Battus, marginalisés politiquement après la seconde guerre mondiale, ces courants n’ont pas pour autant disparu. Tapis dans l’ombre, ils ont attendu leur heure. Pendant plusieurs décennies, les réseaux catholiques intégristes ont ainsi caché le milicien Paul Touvier. Dans la période récente, ces courants, considérés il y a peu encore comme la queue de comète d’un catholicisme à bout de souffle, ont trouvé les moyens de ressurgir. La Manif pour tous a su mobiliser et entraîner certaines couches de la jeunesse. Ces nouveaux militants sont là pour de nombreuses années. 

Nationalisme ethnique 

Il y a un peu plus d’un an, le livre d’Éric Zemmour, Un suicide français connaissait un succès fulgurant en librairie malgré les énormités historiques qu’il contenait. Le climat idéologique a pris une telle tournure que le site d’information Slate titrait récemment : “Quand Zemmour et le Fig Mag sonnent le rappel du maurassisme”. 

Autre symptôme : Philippe de Villiers, qu’on imaginait disparu, connaît lui aussi un large succès avec ses mémoires parus cet automne, Le moment est venu de dire ce que j’ai vu. Le chantre du souverainisme et du catholicisme traditionnel prolonge cette tradition qui fusionne nationalisme et principes contre-révolutionnaires, dont le principal penseur est Charles Maurras. 

L’historien Laurent Joly, spécialiste de l’Action française, met en évidence les liens de filiation entre une partie de la droite et de l’extrême droite avec Maurras [2]. La théorisation d’un “nationalisme ethnique” par les fondateurs de l’Action française a trouvé de nouveaux épigones, aujourd’hui, au sein du parti Les Républicains. Les propos de Nadine Morano sur la « France pays de race blanche » ont été jugés outranciers, mais qui oserait prétendre qu’ils ne correspondent pas à ce que pensent, à bas bruits, beaucoup de militants et de cadres de la principale formation de la droite parlementaire ? 

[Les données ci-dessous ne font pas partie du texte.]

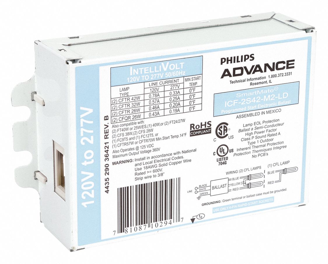 - SmartMate 120/277V electronic CFL ballast, programmed start, for use with (2) 42W 4-pin compact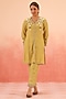 Mustard Cotton Silk Aari Embroidered A-Line Short Kurta Set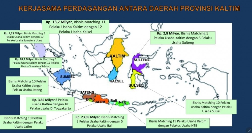 Hingga saat ini, telah terbentuk forum dagang antara Kaltim dengan beberapa provinsi di Indonesia seperti Forum Dagang Kaltim-Jatim yang disepakati pada tahun 2022 lalu, dengan nilai transaksi mencapai Rp 75 miliar meliputi produk UMKM, susu, produk pertanian seperti beras, pisang cavendis, cengkih dan kopi.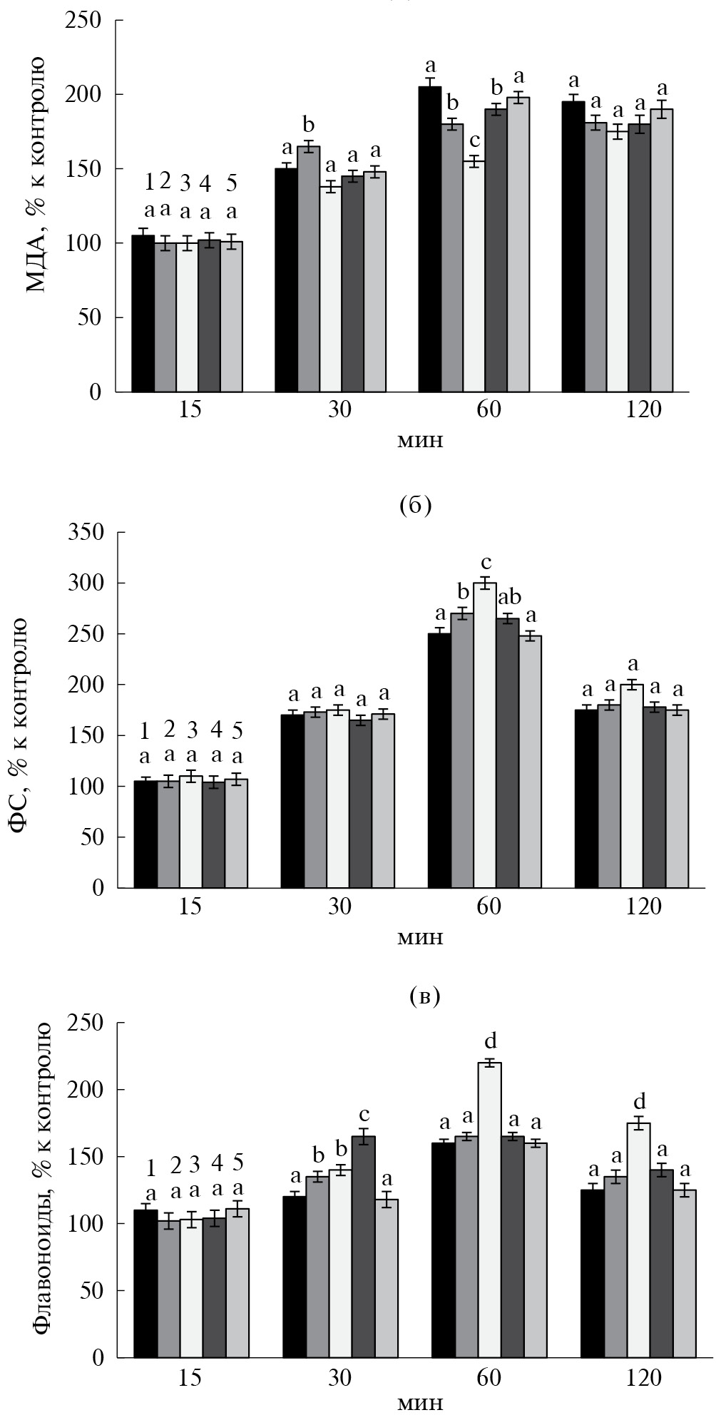 Рис. 1. Влияние лектина (2–5) A. brasilense Sp7 на содержание МДА (а), ФС (б) и флавоноидов (в) в корнях проростков пшеницы при засолении: 1 – контроль, без лектина; 2 – 0.1 мM; 3 – 0.3 мM; 4 – 0.6 мM; 5 – 1.2 мM. Результаты представлены как средние арифметические значения со стандартной ошибкой. Разными буквами обозначены достоверно отличающиеся величины (P < 0.05).
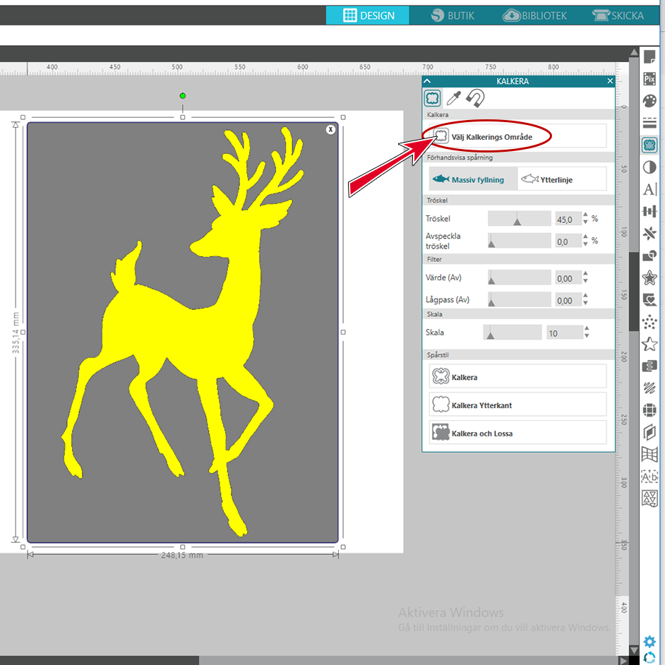 Jag börjar med en svartvit jpg-fil med en hjort…ren…älg…(?) Ja, antagligen inte älg i alla fall och troligtvis ingen ren… Vi säger hjort! Klicka på “Välj kalkeringsområde” och dra en ruta över hjorten som ska kalkeras. Nu blev hela hjorten gul och allt som är gult, kommer att få en skärlinje runt konturerna.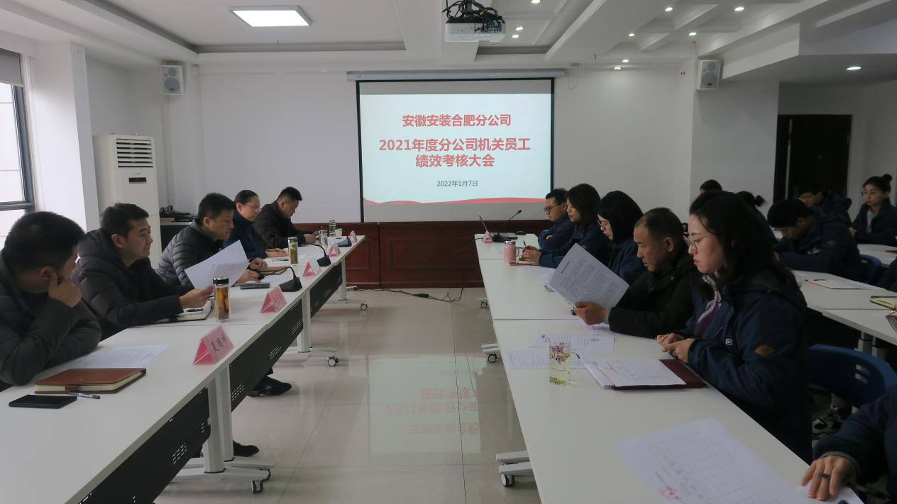 為總結回顧2021年度分公司機關各部門和各項目部的工作情況,籌劃2022年的工作任務與工作計劃,進一步完善崗位績效考核體系,調動廣大員工工作積極性、主動性和創造性,2022年1月7日至24日,合肥分公司以現場考核和視頻考核會議相結合的方式,開展了“2021年度機關部門和全體員工績效考核工作”,考核分為分公司機關部門、機關員工和項目部員工三個部分四個階段進行。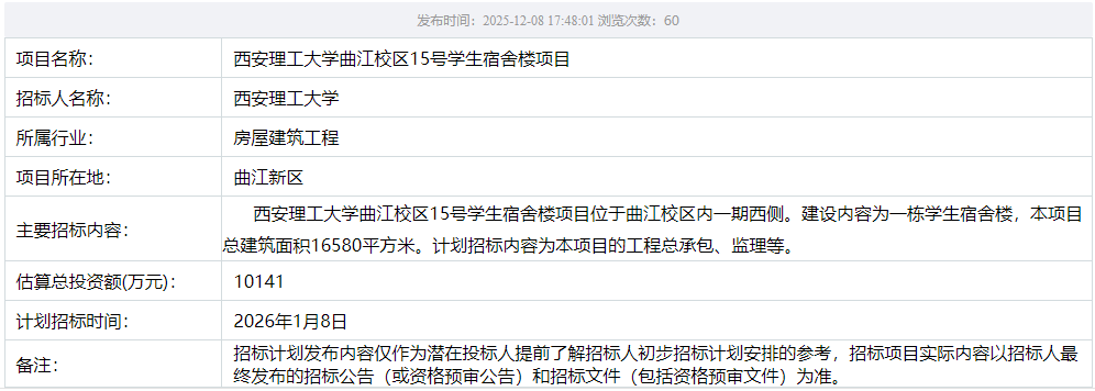 【宿舍楼项目】BEAT365英国官网曲江校区15号学生宿舍楼项目招标计划
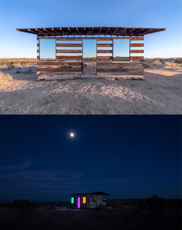 Ngôi nhà này nằm ở California, Mỹ với hai phong cách đối lập giữa ngày và đêm: đó là trong suốt dưới nắng và màu mè khi trăng lên.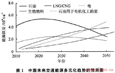 圖1是中國(guó)未來(lái)交通能源多元化趨勢(shì)的預(yù)測(cè)圖[1]。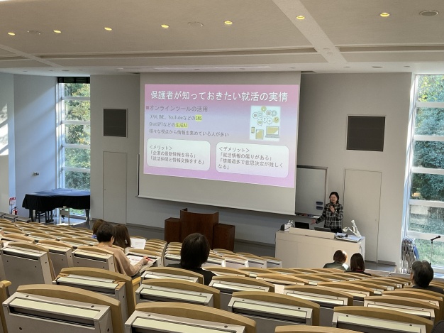 本学のキャリアサポート体制については、現2年生の就職活動状況を中心に各業界の選考スケジュール、2026卒の予想される就職状況、また、本学のキャリア教育、就職支援体制に関する説明をさせていただきました。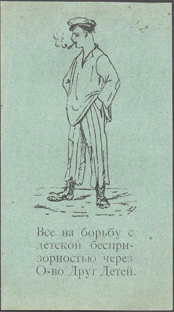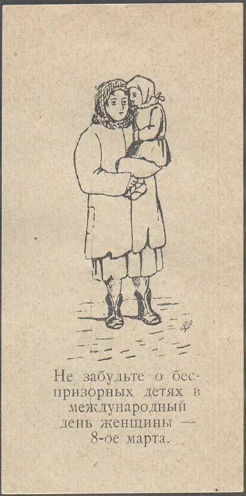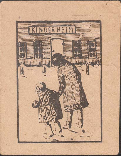 1926 1926(?) г. Разм. 70 х 88 мм. Одноцветная печать на желтоватой бумаге. В прямоугольной рамке разм. 49 х 69 мм двое беспризорных детей и здание в вывеской на немецком языке.
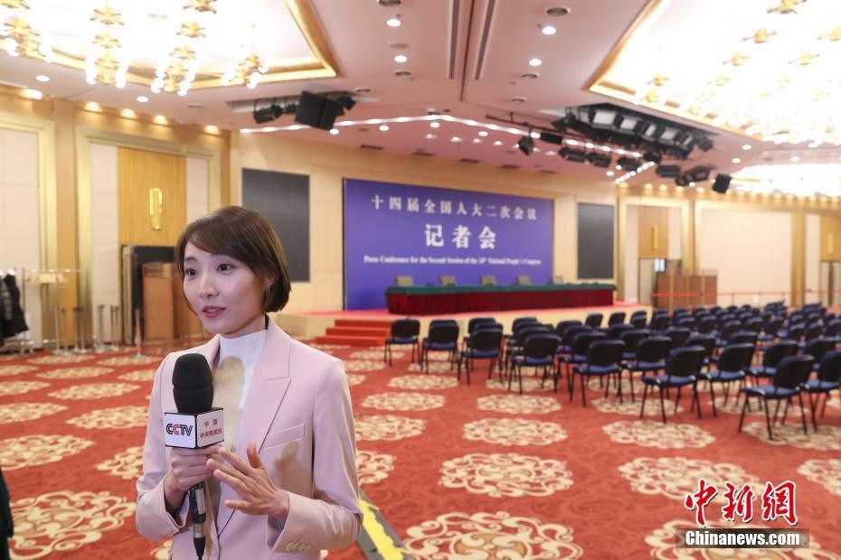 2月27日,在2024年全国两会即将召开之际,位于北京梅地亚中心的全国两会新闻中心正式启用。图为媒体记者在全国两会新闻中心出镜采访。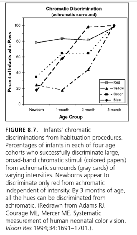 •Studies suggest that newborn babies can discriminate red, but other colours aren’t reliably seen until about 2-3 months of age - which is why young babies like looking at B&W patterns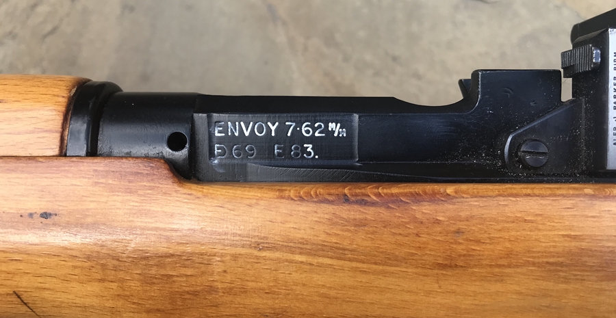 *** SOLD *** Very Good Condition A very nice 7.62mm Enfield Envoy Circa 1969. Matching original numbers including magazine The Envoy was built at RSAF Enfield as a commercial venture for civilian target shooters. This example remains in great condition, the fore-end has been fitted with an accessory rail. Excellent Bore Gauging at 0.297" |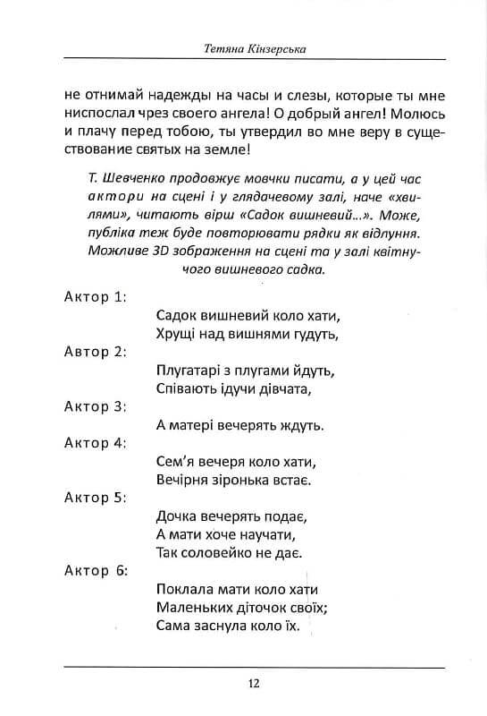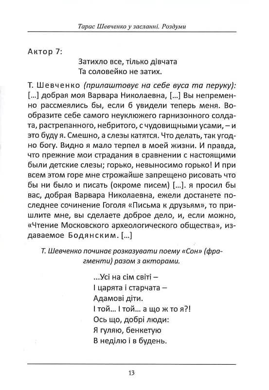 У книжці взятий період життя Т. Г. Шевченка 1847-1857 років. Мета цієї літературно-музичної композиції - через листи поета передати його душевний стан і, одночасно, показати ті поезії, які він у цей час писав. Важкий душевний стан Т. Г., його фізичні страждання й безнадія щодо звільнення з неволі, не зупиняли його боротьби з несправедливістю і свою найгострішу зброю у цій боротьбі, слово, він ніколи не опускав.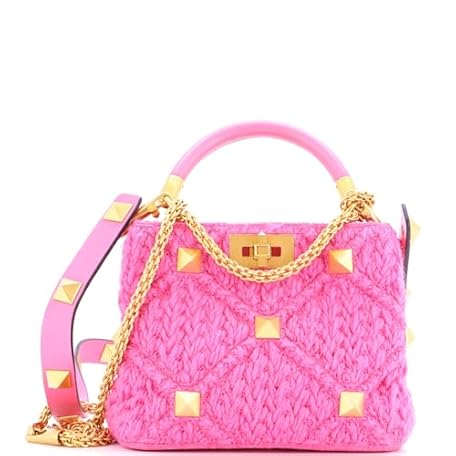 Valentino Garavani, Pre-Loved Roman Stud Top Handle Bag Woven Wool with Leather Small, Pink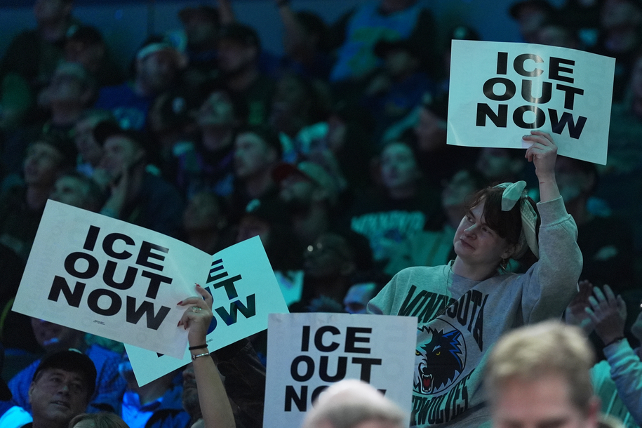 O Minnesota Frost, atual campeão da Professional Women’s Hockey League, fez um momento de silêncio antes do jogo contra o New York Sirens, com os torcedores quebrando o silêncio para gritar “Vá para casa, ICE” e “Foda-se, ICE”.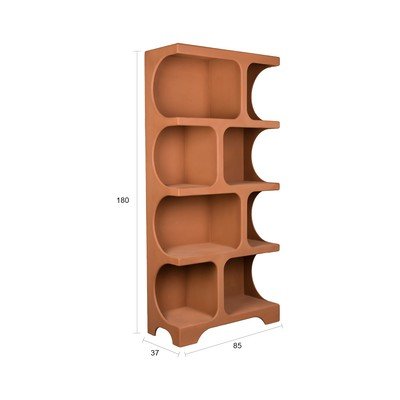 Knihovna Dundee od značky Dutchbone. Unikátní oblé tvary a zemitý terakotový tón vnesou do interiéru hravost a útulnou atmosféru.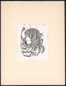 Cynkotypia, 6,2x4,8 cm. Kompozycja prostokątna, na ekslibrisie kobieta z długimi włosami, po prawej napis "Ex libris', u dołu kompozycji napis "Ewa Bielecka" i symbole matematyczne, kolorystyka czarno-biała. Kolekcja Ludwika Piosickiego.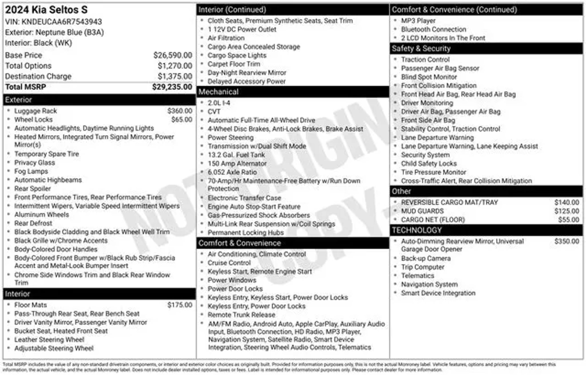 2024 Kia Seltos Neptune Blue AWD *CARFAX One-Owner *Apple CarPlay & Android Auto *Exterior Parking Camera Rear *Heated front seats *Leather Shift Knob *Leather steering wheel *Navigation System *Power door mirrors *Split folding rear seat *Spoiler *Turn signal indicator mirrors *Fuel Economy: 27/31 City/Highway MPG EXPERTISE YOU CAN TRUST! At Ken Ganley Kia Boardman, we offer more than just vehicles; we provide a comprehensive car-buying experience backed by a team of Kia-certified sales experts. Our staff is dedicated to guiding you through every step of the process, ensuring you make informed decisions with confidence. Our service team, comprised of ASE Certified and Kia Master technicians, guarantees that every vehicle is maintained to the highest standards, providing you with peace of mind long after your purchase. UNPARALLELED CUSTOMER CARE! Our commitment to exceptional customer service extends beyond the sale. From the moment you enter our dealership, you become part of the Ken Ganley Kia family. We offer convenient service options, including Saturday hours, evening pickups and drop-offs, service shuttles, and loaner vehicles, to accommodate your busy lifestyle. Our goal is to build lasting relationships and ensure your satisfaction at every turn. At Ken Ganley Kia Boardman, you're not just buying a car; you're gaining a partner in your automotive journey.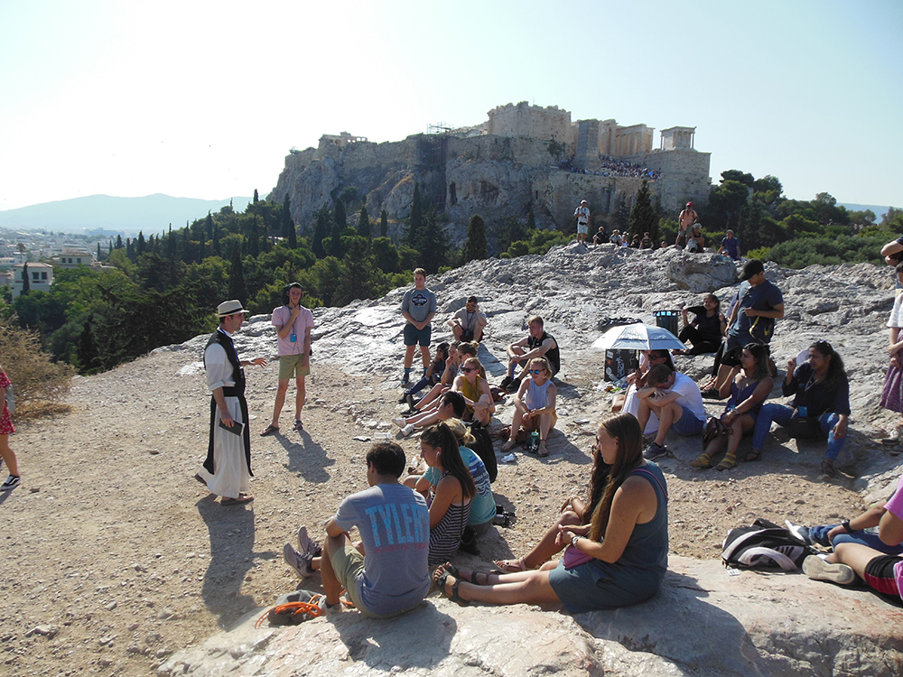 Father Thomas Esposito, left, discusses St. Paul while at the Areopagus in Greece while accompanying participants in a University of Dallas summer program.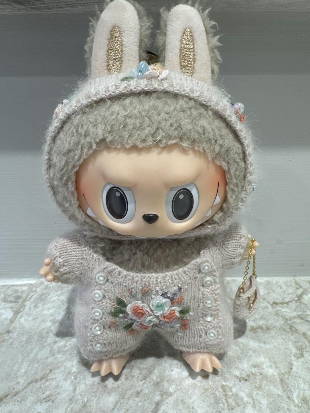 Handmade Labubu Clothes, Embroidered Floral Doll Romper, Hand-Knitting Bouquet Outfit, Romantic Cottagecore Set for 15/17cm Labubu outfits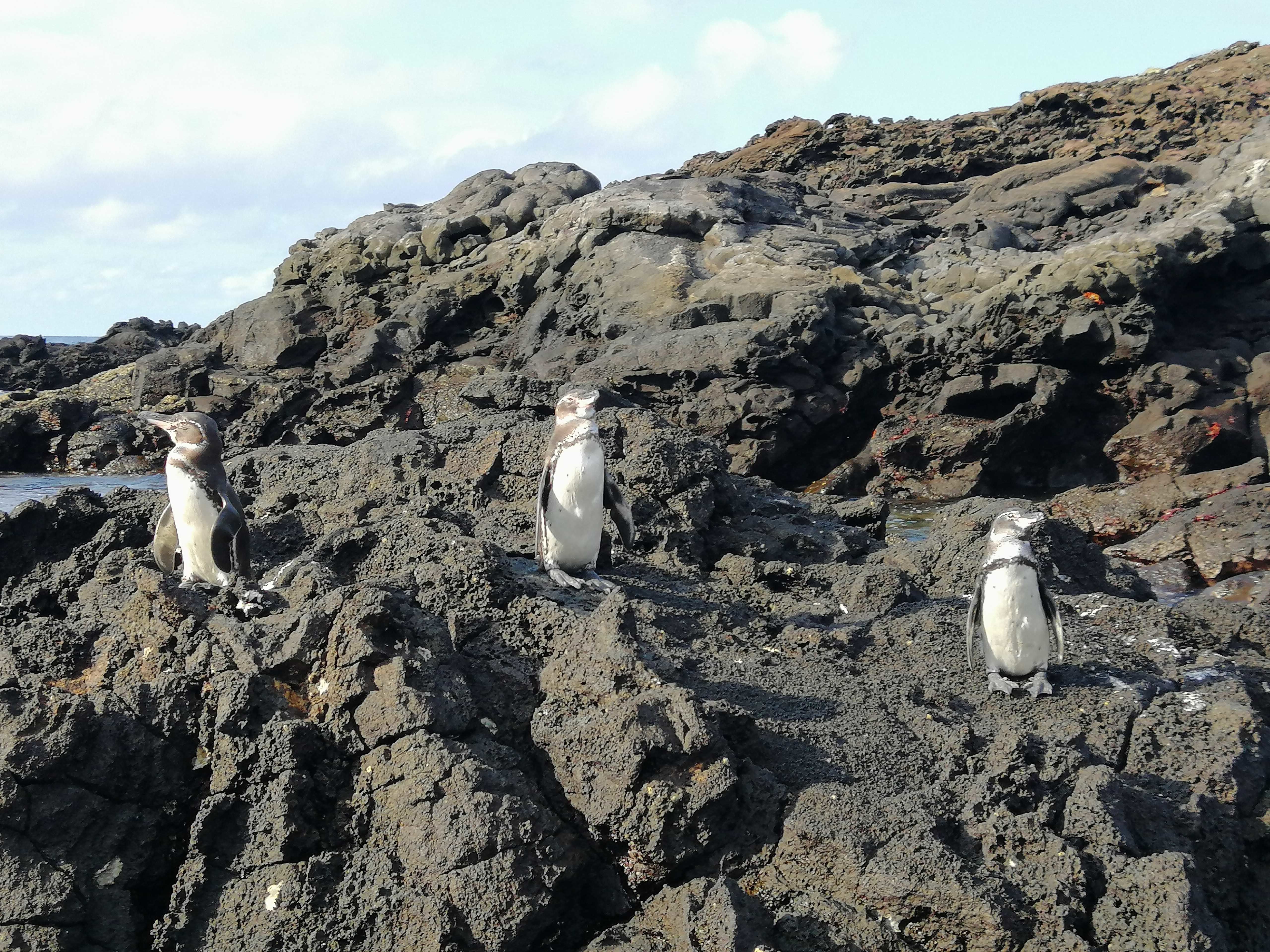Today new woke up in a canal between James and Chinese Hat Islands, where we kayaked and took a Zodiac cruise along the shoreline. Some of our guests went to a tiny white-sand beach on Chinese Hat. Afterward that, we snorkeled in the warm, clear water and saw penguins, white-tipped reef sharks, and tropical fish.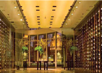 Engineered with a stiff internal concrete core and outriggers, Trump Tower's design allows the facade to be opened up and sheathed in a diaphanous glass curtain wall. The facade is adorned with clear anodized aluminum and mirror finished stainless steel that reflects and refracts light from the sun. Outset from the glass surface, the mullion system provides density and thickness as well as a metallic quality to the otherwise flush glass wall.

Le fascisme est un hydre caméléon se métamorphosant sans cesse. Hier comme aujourd’hui, il a su polariser des couches sociales très différenciées, réunir dans un même mouvement des couches plébéiennes déclassées et de grands noms de la vie intellectuelle. 

« Le désespoir les a fait se dresser, le fascisme leur a donné un drapeau », analysait Trotsky après la victoire d’Hitler en 1933. Prémonitoire, l’érudite introduction à un recueil de textes sur le fascisme de Patrick le Tréhondat, Robi Morder et Patrick Silberstein s’intitule Dernière station avant l’abattoir [3]. 

Il est encore temps de prendre la mesure de tout ce qui doit changer, à condition de faire, et vite. 

Article extrait du dossier du numéro d’hiver de Regards, "FN, pourquoi eux ?". 

Notes [1] Lire Le rouge et le bleu, par Roger Martelli, éditions de l’Atelier 1995. 

[2] Naissance de l’Action française, par Laurent Joly, Grasset 2015. 

[3] Léon Trotsky : Contre le fascisme. 1922-1940, Syllepse 2015.